AI-selected preset based on genre and era — adjust the knobs to taste.

Roll back the gain slightly and pick near the neck for a warmer, more open crunch.

Styx Progressive Rock E minor
Capo Advisor 0 E minor · Original key

About Renegade


Few hard rock songs hit as hard on guitar as "Renegade" by Styx, pulled from their 1979 album Pieces of Eight. The song sits in E minor at a steady 120 BPM in standard tuning, which keeps things approachable technically while still demanding real commitment from your picking hand. The driving, galloping rhythm part is the backbone of the whole track, and locking it in with the right attack and consistency is where most players need to focus first. The descending E minor riff that kicks the song off is deceptively simple to read but needs a confident, aggressive tone to land the way it does on the record. Getting the feel right matters more than speed here, so use the Practice Toolbar to loop that opening figure slowed down until the pick attack and muting feel natural. Once the rhythm is solid, the interplay between melody and chord movement in the verses opens up as a genuinely satisfying part to dig into. Progressive Rock phrasing rewards patience, and this song is a clear example of why.

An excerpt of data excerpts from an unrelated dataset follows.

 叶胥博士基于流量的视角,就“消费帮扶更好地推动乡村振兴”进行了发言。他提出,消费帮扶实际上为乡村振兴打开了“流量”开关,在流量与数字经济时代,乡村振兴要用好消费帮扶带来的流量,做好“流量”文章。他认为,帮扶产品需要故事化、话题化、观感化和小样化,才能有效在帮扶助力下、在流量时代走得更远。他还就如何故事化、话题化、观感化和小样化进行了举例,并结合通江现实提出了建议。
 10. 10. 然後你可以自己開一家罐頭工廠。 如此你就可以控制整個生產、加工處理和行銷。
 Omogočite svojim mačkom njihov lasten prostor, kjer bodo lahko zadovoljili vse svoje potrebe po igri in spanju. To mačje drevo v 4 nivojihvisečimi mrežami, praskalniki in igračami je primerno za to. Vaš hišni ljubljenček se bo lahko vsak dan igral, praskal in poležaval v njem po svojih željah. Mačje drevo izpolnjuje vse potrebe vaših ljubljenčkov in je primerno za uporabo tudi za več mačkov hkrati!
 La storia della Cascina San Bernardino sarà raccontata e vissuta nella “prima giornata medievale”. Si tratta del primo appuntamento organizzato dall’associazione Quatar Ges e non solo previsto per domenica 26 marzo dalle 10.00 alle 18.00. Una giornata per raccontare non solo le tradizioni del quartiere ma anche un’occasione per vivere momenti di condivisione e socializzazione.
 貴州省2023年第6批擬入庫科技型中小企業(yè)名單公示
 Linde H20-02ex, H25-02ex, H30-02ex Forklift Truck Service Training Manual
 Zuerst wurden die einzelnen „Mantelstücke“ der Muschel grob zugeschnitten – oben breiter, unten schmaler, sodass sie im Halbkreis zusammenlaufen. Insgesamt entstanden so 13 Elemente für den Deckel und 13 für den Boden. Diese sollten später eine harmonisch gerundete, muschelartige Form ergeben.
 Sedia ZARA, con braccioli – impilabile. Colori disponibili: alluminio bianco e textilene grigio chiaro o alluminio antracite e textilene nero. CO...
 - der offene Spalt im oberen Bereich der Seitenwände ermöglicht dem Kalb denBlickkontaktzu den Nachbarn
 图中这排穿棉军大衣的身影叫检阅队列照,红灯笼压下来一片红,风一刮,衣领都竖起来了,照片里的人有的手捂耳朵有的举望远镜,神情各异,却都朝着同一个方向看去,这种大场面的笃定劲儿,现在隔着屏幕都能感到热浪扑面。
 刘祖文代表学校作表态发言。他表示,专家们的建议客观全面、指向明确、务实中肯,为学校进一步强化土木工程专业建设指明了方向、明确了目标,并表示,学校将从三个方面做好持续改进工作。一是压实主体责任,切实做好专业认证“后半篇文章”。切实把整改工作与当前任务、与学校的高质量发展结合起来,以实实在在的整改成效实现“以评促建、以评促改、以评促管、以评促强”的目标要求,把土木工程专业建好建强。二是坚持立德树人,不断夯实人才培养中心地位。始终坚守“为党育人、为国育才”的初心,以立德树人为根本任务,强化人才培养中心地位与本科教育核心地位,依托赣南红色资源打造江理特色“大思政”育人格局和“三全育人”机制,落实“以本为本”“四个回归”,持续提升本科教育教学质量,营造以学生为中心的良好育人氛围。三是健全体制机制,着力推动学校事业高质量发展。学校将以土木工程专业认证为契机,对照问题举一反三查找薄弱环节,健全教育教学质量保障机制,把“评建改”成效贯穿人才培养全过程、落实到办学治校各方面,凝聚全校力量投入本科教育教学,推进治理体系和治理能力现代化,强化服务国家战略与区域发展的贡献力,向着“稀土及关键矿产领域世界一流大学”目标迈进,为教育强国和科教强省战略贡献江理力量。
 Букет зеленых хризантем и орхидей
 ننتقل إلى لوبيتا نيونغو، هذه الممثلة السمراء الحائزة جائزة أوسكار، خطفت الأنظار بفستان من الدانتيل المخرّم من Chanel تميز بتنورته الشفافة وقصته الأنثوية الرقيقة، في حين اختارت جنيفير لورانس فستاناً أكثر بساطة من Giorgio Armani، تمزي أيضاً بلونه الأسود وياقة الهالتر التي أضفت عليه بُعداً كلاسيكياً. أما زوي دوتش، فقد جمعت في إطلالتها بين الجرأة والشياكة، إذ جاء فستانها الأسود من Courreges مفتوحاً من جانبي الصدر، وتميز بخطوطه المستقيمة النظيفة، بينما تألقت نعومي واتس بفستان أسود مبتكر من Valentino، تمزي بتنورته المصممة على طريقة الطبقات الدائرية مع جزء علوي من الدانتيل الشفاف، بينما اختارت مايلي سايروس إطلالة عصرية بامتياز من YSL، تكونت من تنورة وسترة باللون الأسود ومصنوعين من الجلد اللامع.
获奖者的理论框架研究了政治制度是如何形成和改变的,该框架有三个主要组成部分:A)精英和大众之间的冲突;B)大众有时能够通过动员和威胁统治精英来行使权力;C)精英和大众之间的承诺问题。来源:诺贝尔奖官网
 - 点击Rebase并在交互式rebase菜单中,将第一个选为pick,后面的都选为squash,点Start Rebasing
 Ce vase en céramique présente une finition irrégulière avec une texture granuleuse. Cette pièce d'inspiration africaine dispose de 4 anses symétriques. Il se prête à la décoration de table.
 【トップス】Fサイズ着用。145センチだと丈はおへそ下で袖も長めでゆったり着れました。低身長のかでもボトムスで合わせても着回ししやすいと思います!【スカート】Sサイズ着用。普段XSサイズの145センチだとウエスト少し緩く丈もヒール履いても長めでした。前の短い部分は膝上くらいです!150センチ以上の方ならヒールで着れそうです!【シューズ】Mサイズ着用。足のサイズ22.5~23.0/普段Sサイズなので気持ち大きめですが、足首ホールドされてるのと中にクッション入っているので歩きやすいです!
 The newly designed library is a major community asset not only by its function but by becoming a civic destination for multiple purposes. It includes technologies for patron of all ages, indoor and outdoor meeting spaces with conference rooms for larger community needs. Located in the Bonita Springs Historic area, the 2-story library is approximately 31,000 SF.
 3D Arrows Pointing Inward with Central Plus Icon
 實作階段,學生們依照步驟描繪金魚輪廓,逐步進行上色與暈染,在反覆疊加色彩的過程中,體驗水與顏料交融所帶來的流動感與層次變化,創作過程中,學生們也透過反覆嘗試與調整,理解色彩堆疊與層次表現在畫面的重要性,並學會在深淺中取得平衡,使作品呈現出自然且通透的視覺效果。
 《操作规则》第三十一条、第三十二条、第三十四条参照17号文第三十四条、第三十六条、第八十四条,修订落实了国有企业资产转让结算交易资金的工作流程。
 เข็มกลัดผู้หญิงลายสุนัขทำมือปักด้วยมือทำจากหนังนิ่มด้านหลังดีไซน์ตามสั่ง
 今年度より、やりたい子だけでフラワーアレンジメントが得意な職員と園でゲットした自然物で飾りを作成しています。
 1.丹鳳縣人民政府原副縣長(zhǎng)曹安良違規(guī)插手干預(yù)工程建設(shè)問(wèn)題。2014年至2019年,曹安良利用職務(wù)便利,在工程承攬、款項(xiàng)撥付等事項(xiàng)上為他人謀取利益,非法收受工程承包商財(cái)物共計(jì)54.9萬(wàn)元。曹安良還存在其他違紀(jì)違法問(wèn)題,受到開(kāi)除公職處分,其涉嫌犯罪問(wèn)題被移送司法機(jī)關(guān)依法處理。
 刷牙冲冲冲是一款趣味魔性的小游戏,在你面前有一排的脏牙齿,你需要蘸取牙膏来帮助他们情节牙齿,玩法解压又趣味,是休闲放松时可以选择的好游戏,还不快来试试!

  • The song is in E minor with standard tuning, so no retuning is needed and the open low E string gives the main riff its characteristic weight.
  • The galloping rhythm part requires consistent alternate picking and tight palm muting to capture the driving feel the track is built around.
  • At 120 BPM the tempo is moderate, but keeping pick attack even across the whole song is the real challenge most guitarists underestimate.

How to Play Renegade

Tuning: E Standard · Key: E minor · Tempo: 120 BPM

Use the section loop to isolate a passage, drop the speed below 100%, and set the metronome to 120 BPM to build it up to tempo.

Fender Telecaster
Guitar

Fender Telecaster

Tommy Shaw's primary studio guitar, its bright single-coil snap and midrange bite cut through JY Young's Marshall wall while providing tonal contrast. The Telecaster's articulate definition was essential for Styx's layered arrangements and clean passages.

Gibson Les Paul Standard
Guitar

Gibson Les Paul Standard

Shaw deployed this darker humbucker platform on heavier Styx tracks, offering midrange punch and sustain when he needed to match JY Young's power without sacrificing his signature clarity and control.

Gibson Les Paul Custom
Guitar

Gibson Les Paul Custom

JY Young's 1969 Black Beauty with three humbuckers defined Styx's thick, sustain-rich tone, delivering the dark, midrange-heavy foundation that anchored the band's most powerful moments through his Marshall stack.

Marshall JCM800
Amp

Marshall JCM800

Young's preferred amp platform, cranked for natural power tube saturation with mids emphasized around 7 to create the warm, crushing tone that became synonymous with Styx's heavier arrangements and solos.

Fender Twin Reverb
Amp

Fender Twin Reverb

Shaw's clean amp choice that kept his Telecaster tone sparkling and defined, providing the pristine platform he needed to add chorus and subtle effects without losing articulation against Young's crunch.

MXR Phase 90
Pedal

MXR Phase 90

Young occasionally deployed this modulation effect to add subtle movement and depth to specific passages, enhancing the Les Paul's sustain while maintaining the minimal effects philosophy that defined Styx's organic, hand-dependent tone.